Kasus terbaru menimpa I Ketut Manis (63). Peternak asal Dusun Tohjiwa, Desa Ketha Bhuana, Kecamatan Sidemen itu melapor ke Polsek Sidemen, setelah satu ekor sapi hilang diambil orang tak dikenal, Rabu (28/9/2022).
Manis sendiri, baru mengetahui sapinya hilang saat hendak memberikan makan sapi ke kandang bersama Ni Nengah Sudani (52), istrinya, sekira pukul 07.15 Wita. Tiba di kandang pasutri itu kaget, pasalnya dua ekor sapi betina miliknya sudah tidak ada.
Hasil pencarian satu ekor sapinya ditemukan dalam kondisi patah tulang. Sedangkan satu ekor lagi tidak ditemukan. Ada dugaan sapi betina milik korban yang mengami patah tulang itu ditinggal pencuri karena tidak bisa berjalan. Akibat kejadian itu Manis mengalami kerugian meteriil sebesar Rp12 juta.
Kapolsek Sidemen AKP Mudana seijin Kapolres Karangasem AKPB Ricko AA Taruna, mengatakan, kasus pencurian sapi milik Ketut Manis tersebut masih dalam penyelidikan. Hasil olah TKP yang dilakukan bersama jajaran Tim Buser Polres Karangasem, satu ekor sapi milik korban itu dipastikan hilang karena diambil pencuri.

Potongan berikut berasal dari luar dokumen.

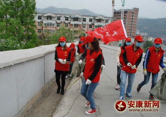 安康新網(wǎng)訊 通訊員 吳昌根:4月6日,太極城森林公園里游人如織,一群身穿紅色上衣的青年男女在這里撿垃圾,為雙創(chuàng)做義務(wù)宣傳,吸引了廣大游客的注意,旗幟上“義……
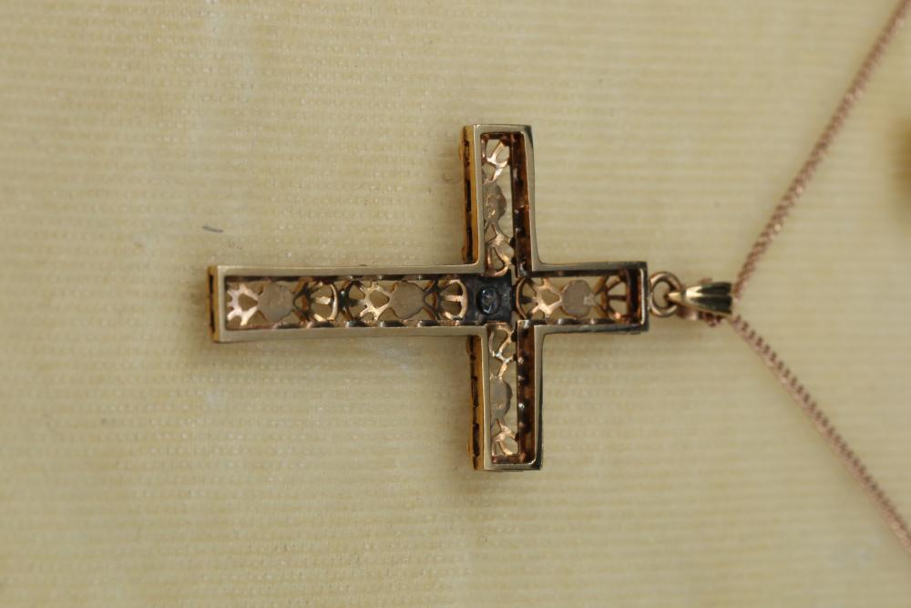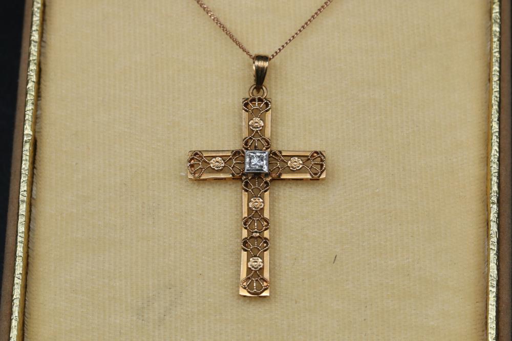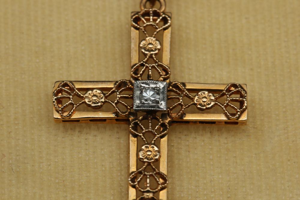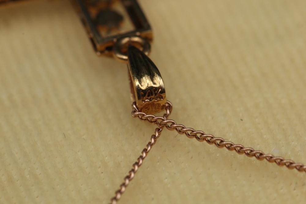 Stamped 14K gold necklace with religious pendant having single diamond in center, total weight being 3 grams.

Bersama warga dan personil Polsek Sidemen berusaha mencari jejak sapi menuju utara lokasi kandang sapi milik korban hingga ke Dusun Mugan, Desa Kerta Bhuana. Jejak sapi yang di temukan petugas, menguatkan dugaan bahwa sapi korban telah dicuri.
“Ada beberapa alasan pelaku dengan mudah bisa mengambil sapi milik korban. Selain karena tidak dijaga, lokasi kandang juga jauh dari perkampungan. Kendati minim petujuk, kami berharap pelakunya secepatnya bisa diungkap,” tandas AKP Mudana. (tio/bfn)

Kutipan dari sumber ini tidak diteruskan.